Appellant asserts that the order is erroneous for the reasons (1) that the alleged incompetent was not examined by the court at the hearing, and (2) that the finding of the court was based upon testimony of lay witnesses rather than upon medical testimony.

The proceeding was based upon section 1461 of the Probate Code. The alleged incompetent was present at the hearing and had requested in writing that petitioner be appointed guardian of her person and estate. She was not called as a witness or questioned at all except as shown by the following excerpt from the reporter's transcript:

“Mr. Levy: Just a moment, if your Honor please, I would like to put my mother on the stand because I want her to testify, it is very important.

“The Court: Well, she has that right I think.

“Q. By Mr. Levy: Mother, would you want to take the stand and say what you wanted to do whether you want to have a guardian or not?

“Carrie F. Levi: I feel I am getting pretty old and I would rather have some help.”

It thus appears that appellant was afforded an opportunity to examine the alleged incompetent as a witness and she was granted the privilege of testifying. Under such circumstances it was not a legal requirement that the alleged incompetent should be examined as a witness. In support of his contention that such examination must be had, appellant refers to section 1461 of the Probate Code which provides in part that the alleged incompetent, if able to attend, “must be produced at the hearing, * * *.” As an interpretation of the above quoted part of said section, he cites the Matter of Coburn, 1913, 165 Cal. 202, 217, 131 P. 352, 358, which states that such language relative to producing the alleged incompetent at the hearing “seems to contemplate an examination.” He also cites in re Guardianship of Waite, 1939, 14 Cal.2d 727, 729, 97 P.2d 238, which quotes with approval said statement from the Matter of Coburn, supra. The facts in each of said cases were very different from those in the present matter. In the Matter of Coburn, supra, the alleged incompetent, over his objection, was called and examined as a witness and the court, in considering the alleged incompetent's claim on appeal that he should not have been compelled to be a witness against himself, made the statement that such language “seems to contemplate an examination.”

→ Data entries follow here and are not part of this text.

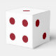 Six-sided die with dots on the sides of the cube to indicate the numbers for the sides.
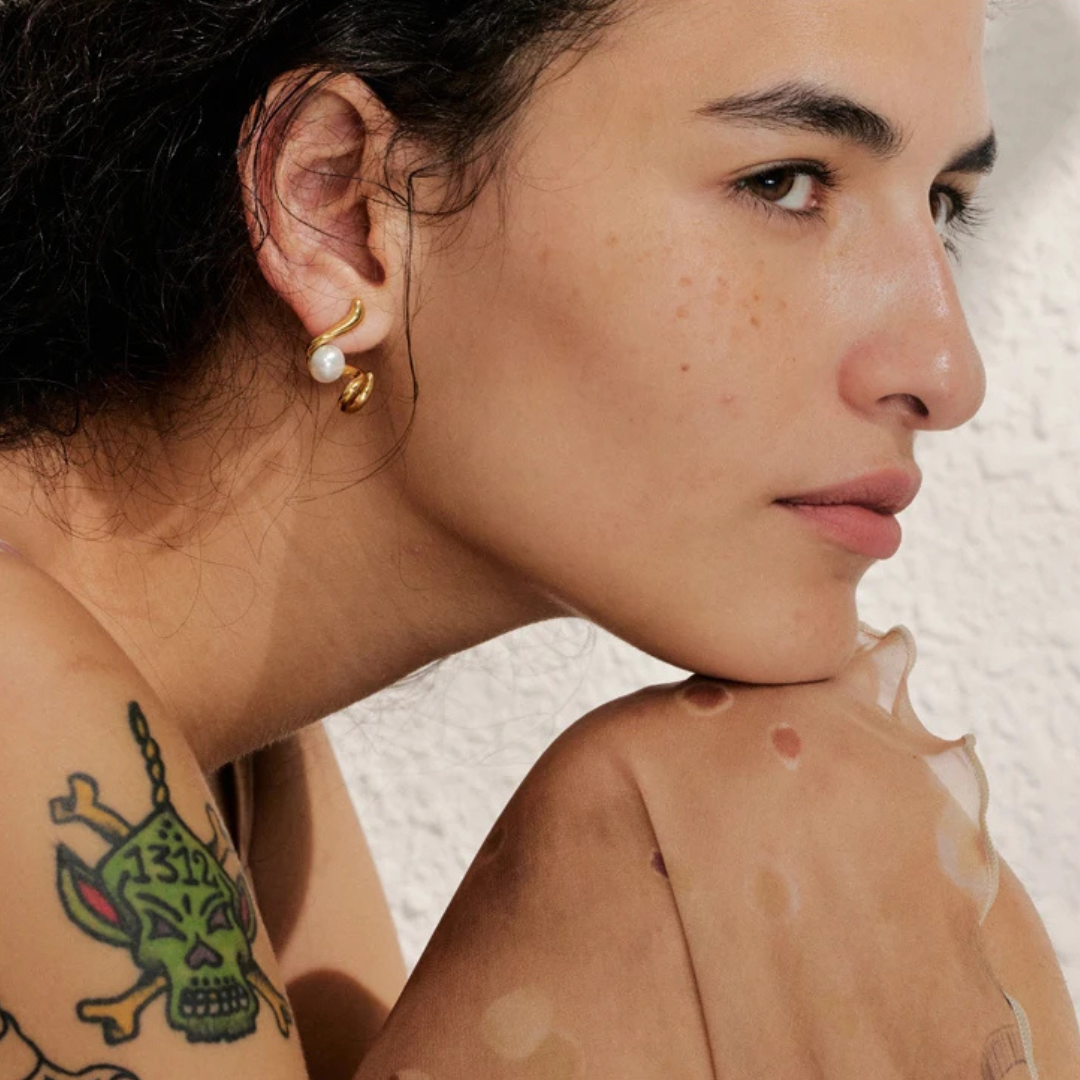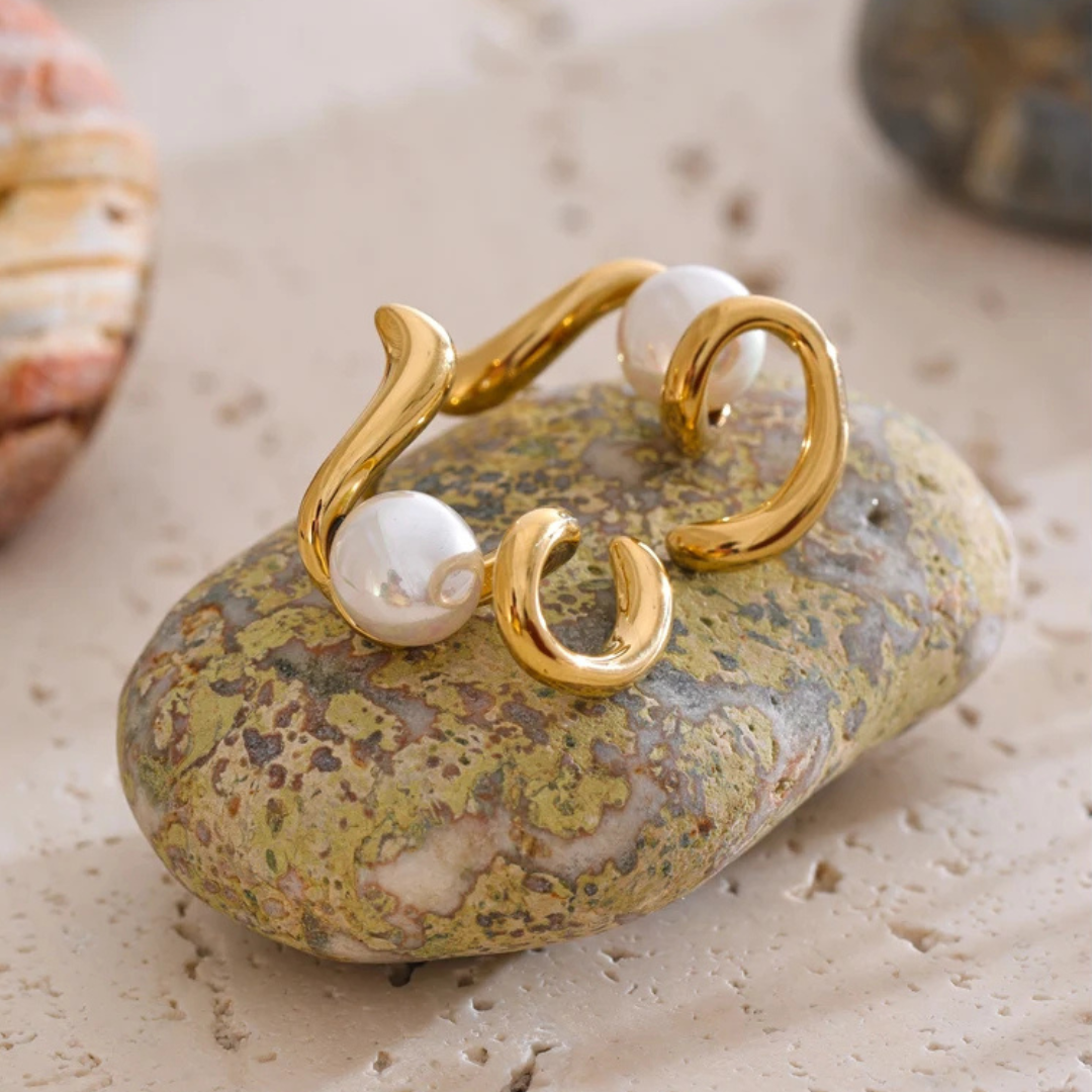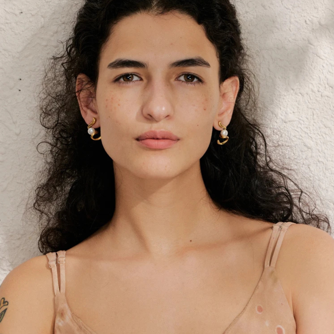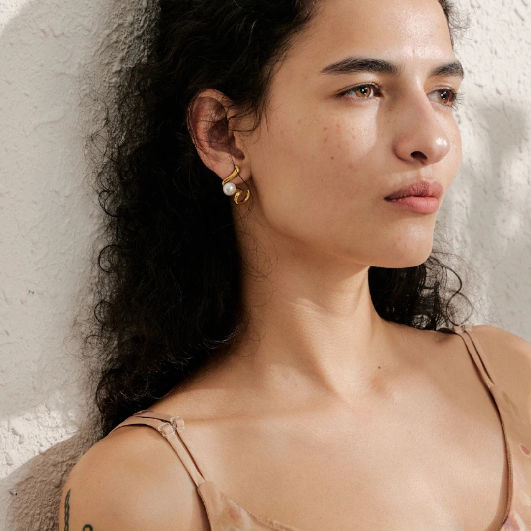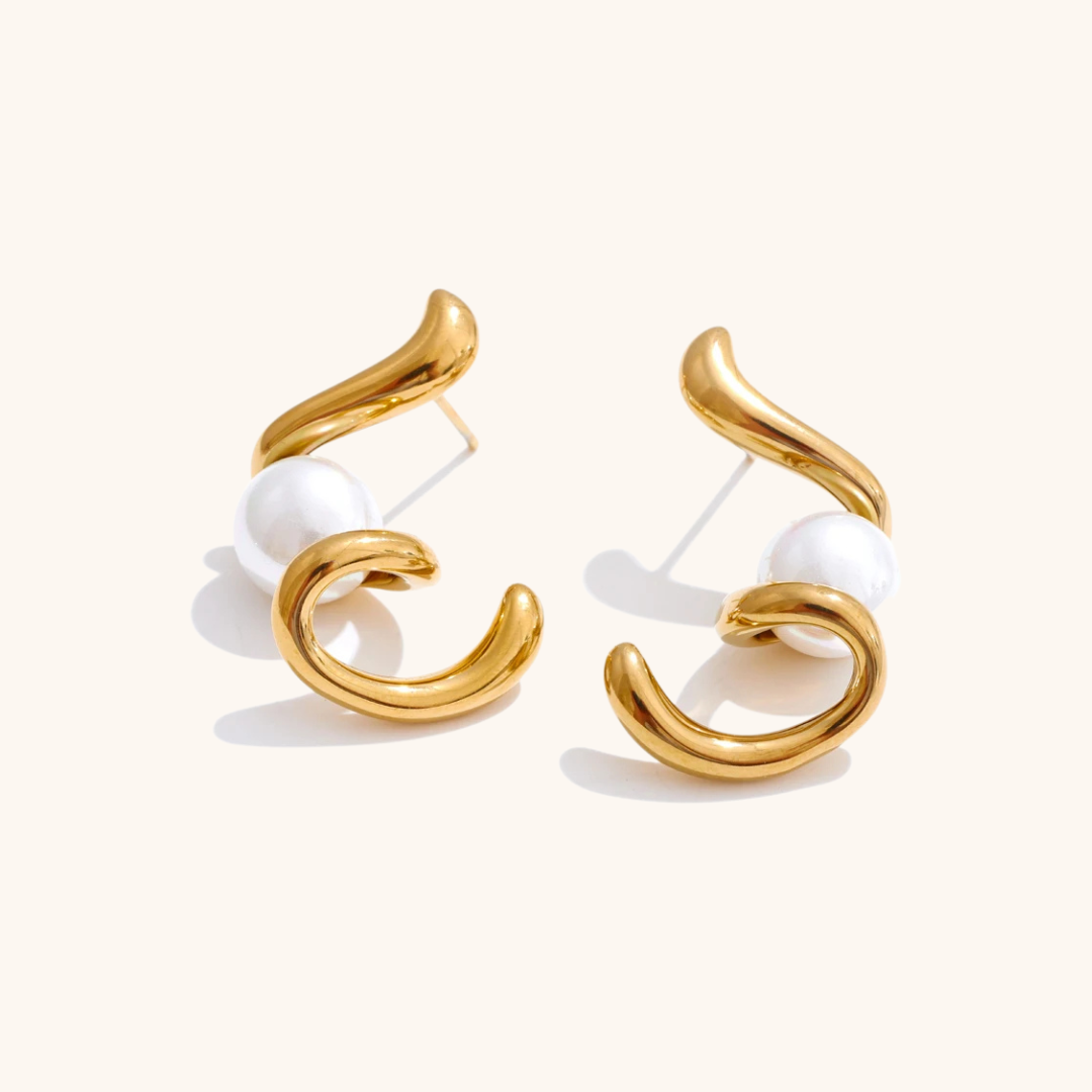 Ein verspieltes Paar Ohrringe, das mit seiner einzigartigen, gedrehten Form und einem perlenähnlichen Akzent hervorsticht. Das unregelmäßige Design verleiht einen modernen, künstlerischen Touch, ohne übertrieben zu wirken — lässt sich leicht zu lässigen oder eleganten Outfits kombinieren.
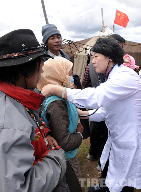 這是北京安貞醫(yī)院醫(yī)生顧虹在當雄縣納木錯鄉(xiāng)為牧民群眾進行先天性心臟病篩查(唐召明2012年7月29日攝)

In Re Guardianship of Waite, supra, the alleged incompetent requested permission to testify and the court denied the request, stating that the court did not want to hear any lay witnesses.

It therefore appears that these cases do not sustain appellant's contention.

The further claim of appellant that the finding of the court in such a matter must be based upon medical testimony cannot be sustained. There is no such requirement.

In support of his contention that the written consent of the alleged incompetent is ineffectual, he cites In re Sullivan, 1904, 143 Cal. 462, 77 P. 153. In that case it was stated at page 468 of 143 Cal., at page 155 of 77 P., that “if it is sufficiently shown by the record that the order in question was purely a consent order, it should be reversed for that reason also.” The order appointing a guardian therein was reversed upon other grounds. In the present case, in addition to said written designation of guardian, three daughters testified in substance that the alleged incompetent was about 89 years of age, that she would best be served by a guardian, that she was unable without assistance to care for her property, that she transferred her property consisting of the house where she lived, the furniture therein and another house to a mentally ill daughter, that the daughter to whom the property was conveyed had given the mother much trouble in persuading her to convey the property, that the mother wanted the property returned to her and had attempted to have it returned. In this case there was a full hearing on the merits.

The order is affirmed.


SCHAUER, P. J., and SHINN, J. concurred.